### Exercise brief
Could you copy exactly the lines below from the one with "Macbook Air 13" to the one with "Мобилното приложение на", inclusive, leaving out any pictures?

### Raw data
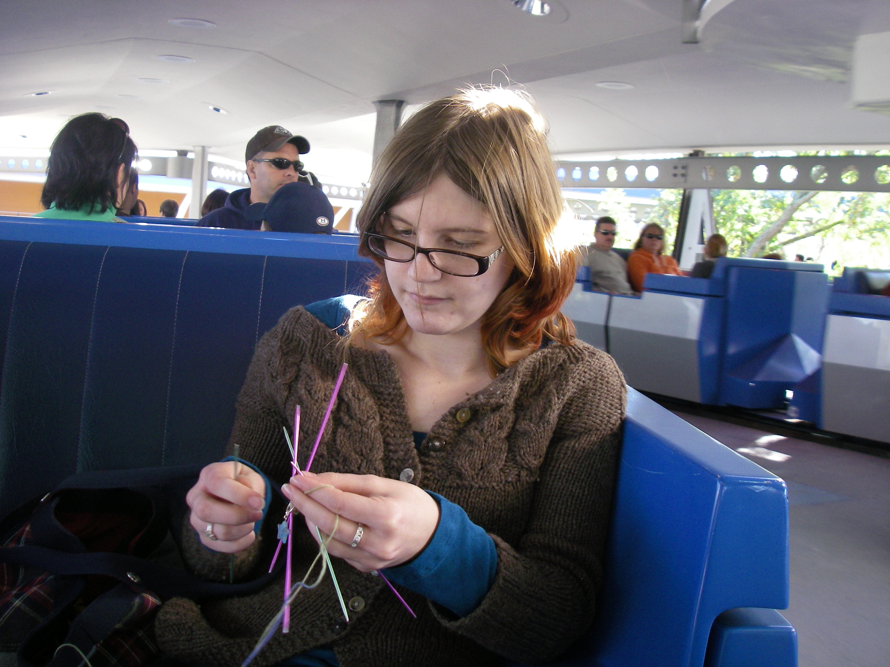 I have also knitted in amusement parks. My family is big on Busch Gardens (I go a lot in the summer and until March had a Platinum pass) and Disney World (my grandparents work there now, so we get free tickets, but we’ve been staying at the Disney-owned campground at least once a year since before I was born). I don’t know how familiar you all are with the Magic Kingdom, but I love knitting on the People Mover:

...

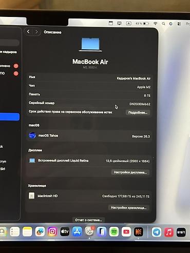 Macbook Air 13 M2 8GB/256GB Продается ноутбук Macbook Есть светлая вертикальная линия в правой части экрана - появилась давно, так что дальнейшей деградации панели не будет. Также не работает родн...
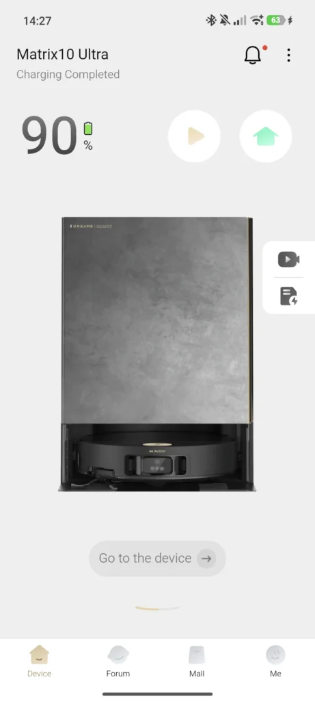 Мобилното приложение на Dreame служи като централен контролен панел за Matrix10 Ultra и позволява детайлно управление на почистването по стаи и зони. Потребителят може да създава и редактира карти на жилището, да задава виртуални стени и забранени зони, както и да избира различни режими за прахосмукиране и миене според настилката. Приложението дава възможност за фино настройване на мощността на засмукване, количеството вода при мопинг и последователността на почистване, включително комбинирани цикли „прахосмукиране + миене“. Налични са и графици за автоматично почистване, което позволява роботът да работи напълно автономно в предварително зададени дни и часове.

---

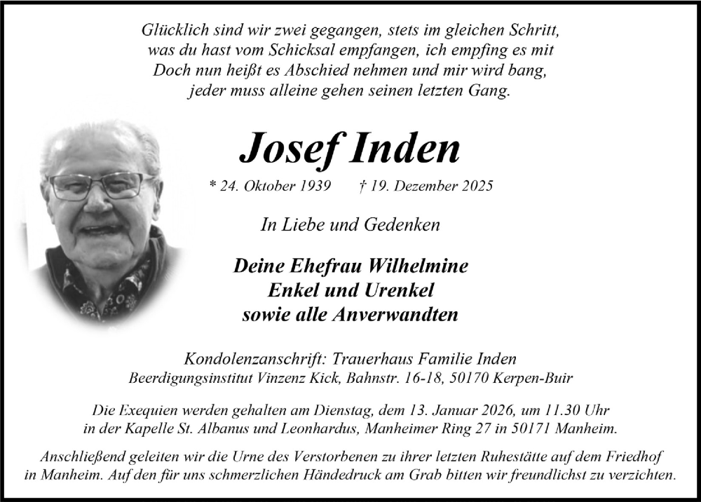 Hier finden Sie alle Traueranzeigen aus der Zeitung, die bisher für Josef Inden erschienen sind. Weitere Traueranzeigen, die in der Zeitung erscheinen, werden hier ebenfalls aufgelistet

### Finished task
 Macbook Air 13 M2 8GB/256GB Продается ноутбук Macbook Есть светлая вертикальная линия в правой части экрана - появилась давно, так что дальнейшей деградации панели не будет. Также не работает родн...
 Мобилното приложение на Dreame служи като централен контролен панел за Matrix10 Ultra и позволява детайлно управление на почистването по стаи и зони. Потребителят може да създава и редактира карти на жилището, да задава виртуални стени и забранени зони, както и да избира различни режими за прахосмукиране и миене според настилката. Приложението дава възможност за фино настройване на мощността на засмукване, количеството вода при мопинг и последователността на почистване, включително комбинирани цикли „прахосмукиране + миене“. Налични са и графици за автоматично почистване, което позволява роботът да работи напълно автономно в предварително зададени дни и часове.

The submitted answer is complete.